A SIMULATION-BASED OPTIMIZATION APPROACH TO POLYMER EXTRUSION FILTER DESIGN
K.R. Fowler, E.W. Jenkins, S.M. LaLonde and C.L. Cox (pages 224-230)
In this work, we propose methods for evaluating filter performance and use these methods in an optimization framework to find parameters that maximize the lifetime of the filter while minimizing the amount of debris that escapes. We couple a three-dimensional computational tool that models the deposition process within the filter with optimization algorithms that use the output from the simulator to search the design space. This is a difficult problem that is not described by a differentiable function, since function evaluations are given by a ‘black-box’ simulator. We apply derivative-free techniques to analyze the behaviour of the filter and to gain insight into effective filter design. We discuss these techniques, along with our approaches to the mathematical formulation, and present numerical results and discuss future directions for this work.
MECHANICAL SENSORS FOR IDENTIFYING NANO/MICRO PARTICLES
D.W. Dareing and T. Thundat (pages 231-240)
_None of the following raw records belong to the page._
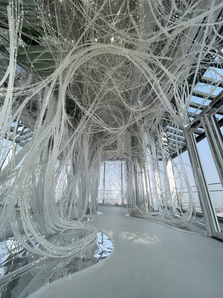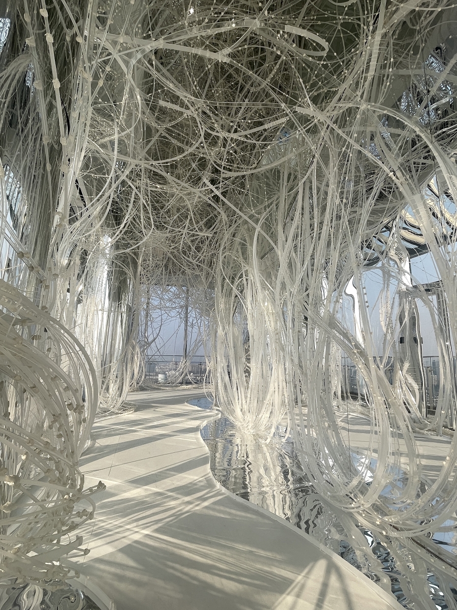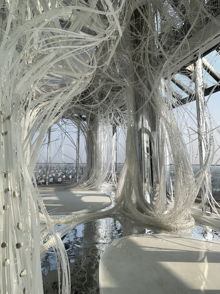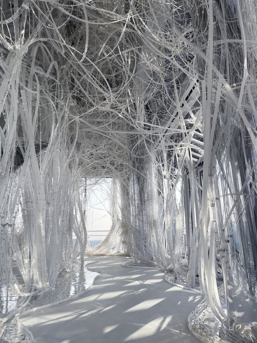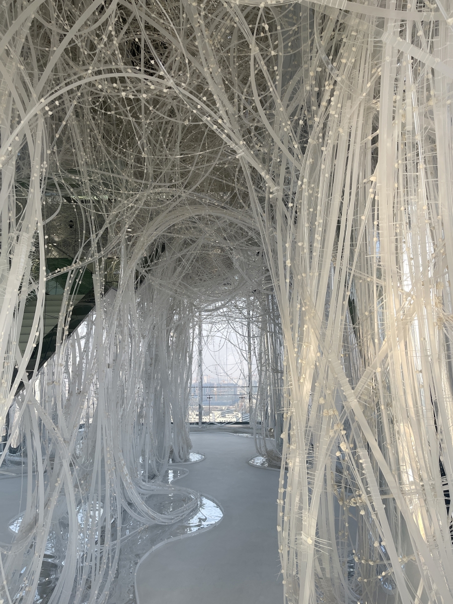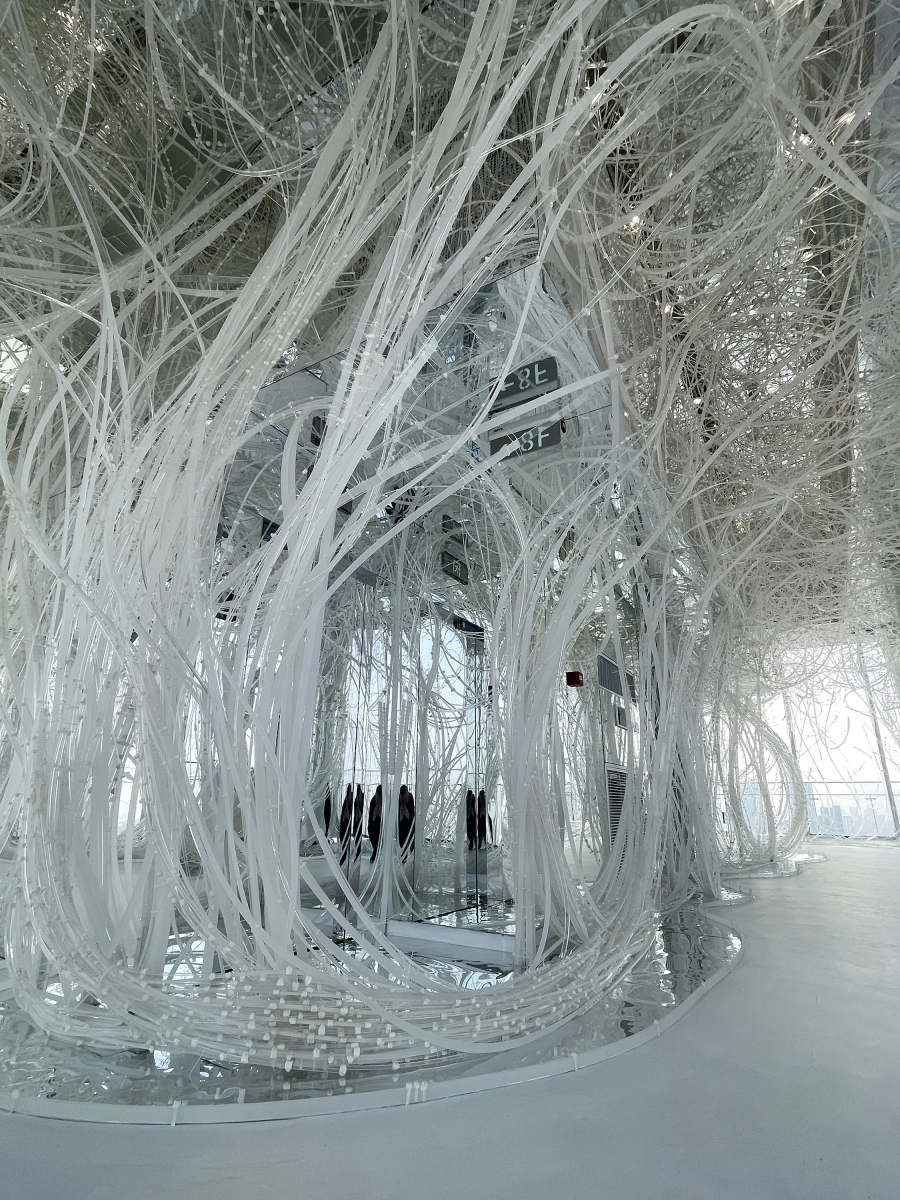 Comprising 33,000 acrylic resin rods spanning 64,000 meters, this installation forms a dynamic structure based on the flexibility and fortuitous power of the material, inspired by trees taking root and growing into a robust system. On this foundation, the xuan paper is applied to the "branches," imparting a unique spatial experience and evoking a flowering plum forest in snow.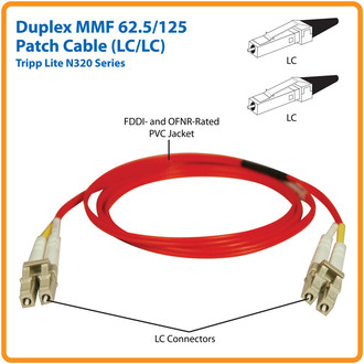 Tripp Lite's Red, 3-meter multimode duplex micron fiber optic LC/LC patch cable is manufactured from 62.5/125 zipcord fiber. The cable has LC connectors on each end, a PVC jacket, and is FDDI and OFNR rated. Duplex multimode fiber is most commonly used in LAN applications. Ideal for color coding the cable plant.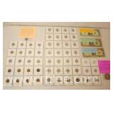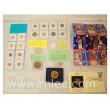 Group of misc collector's items; 150-AZ - 8 US Treasury Commemorative medallions - 8 various foreign coins - $10 Republic of Liberia Millennium coin 2000 - Mexican silver dollar - Mint error cent planchet - Walt Disney World Commemorative Medallion - American Revolution Commemorative medallion 1974 - First issue stamp "Telephone Spans the Nation" 1998 - 9 Fleer basketball card 1991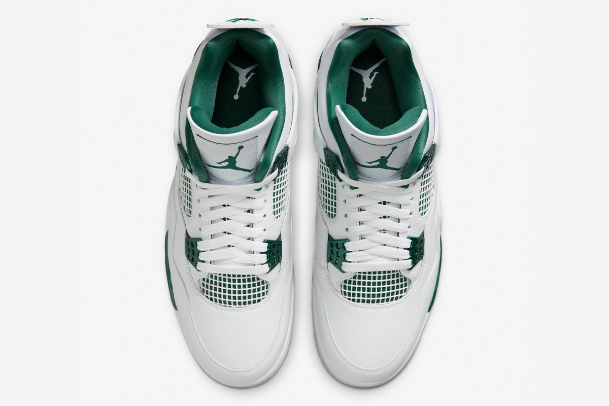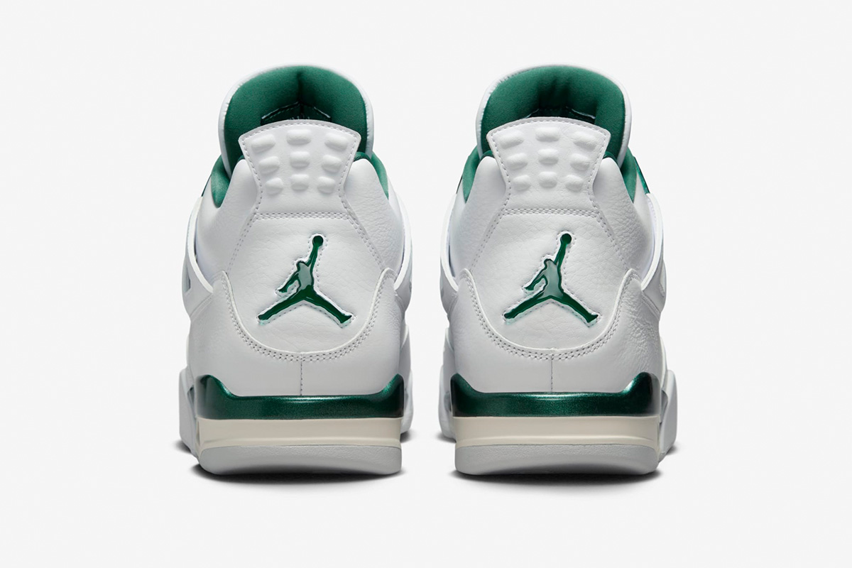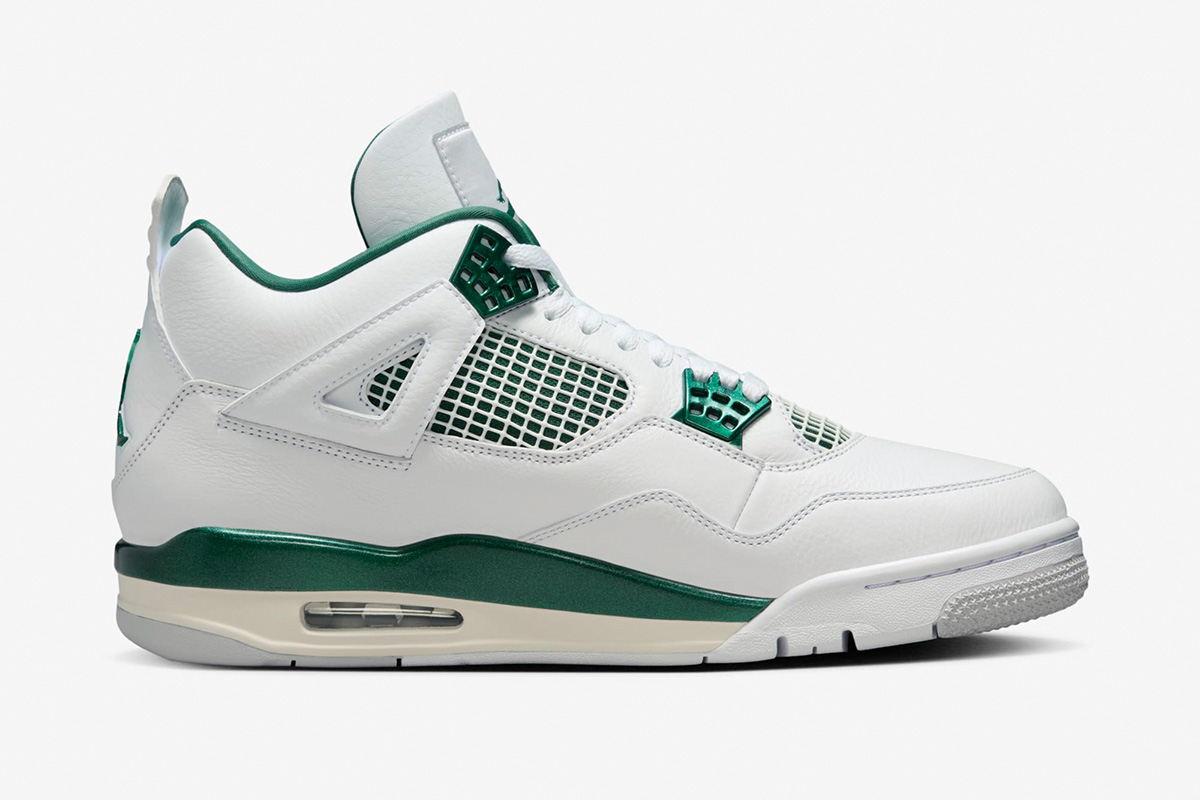 The use of crisp White and deep Oxidized Green on the upper gives the sneaker a retro, varsity-sports-inspired appearance. The base is constructed from smooth leather in White with tonal leather overlay panels and wavy rows of tonal stitching. Oxidized Green details can be found on the floating, web-like eyestays, the synthetic collar lining, the sockliner, the Jumpman logo on the tongue’s tag, the Jumpman on the heel, and a strip on the midsole. Like other Jordan 4 Retro models, this version features visible air units in the heel that cushion the foot.

Nanomechanics offer exciting opportunities for the development of novel sensors and imaging tools for nanotechnology. Many chemical and biological processes result in nanomechanical responses that can be measured with unprecedented sensitivity using microfabricated cantilever beams. Here, we describe nanomechanical tools for visualizing nanometre-sized materials and measuring and detecting nanomechanical forces. Static mode of operation of a microcantilever sensor to sense the presence of biological and chemical agents using forces involved in adsorption process, and a dynamic mode of detection of mass adsorption are addressed. The paper also explains how microcantilevers are used to measure gas and liquid viscosity, which may be used as a marker for the presence of biological and chemical agents. Condensation of vapours in porous structures such as charcoal results in capillary pressure-induced expansion that could be measured with a cantilever. This phenomenon can be used as a basis for developing simple sensors for chemicals.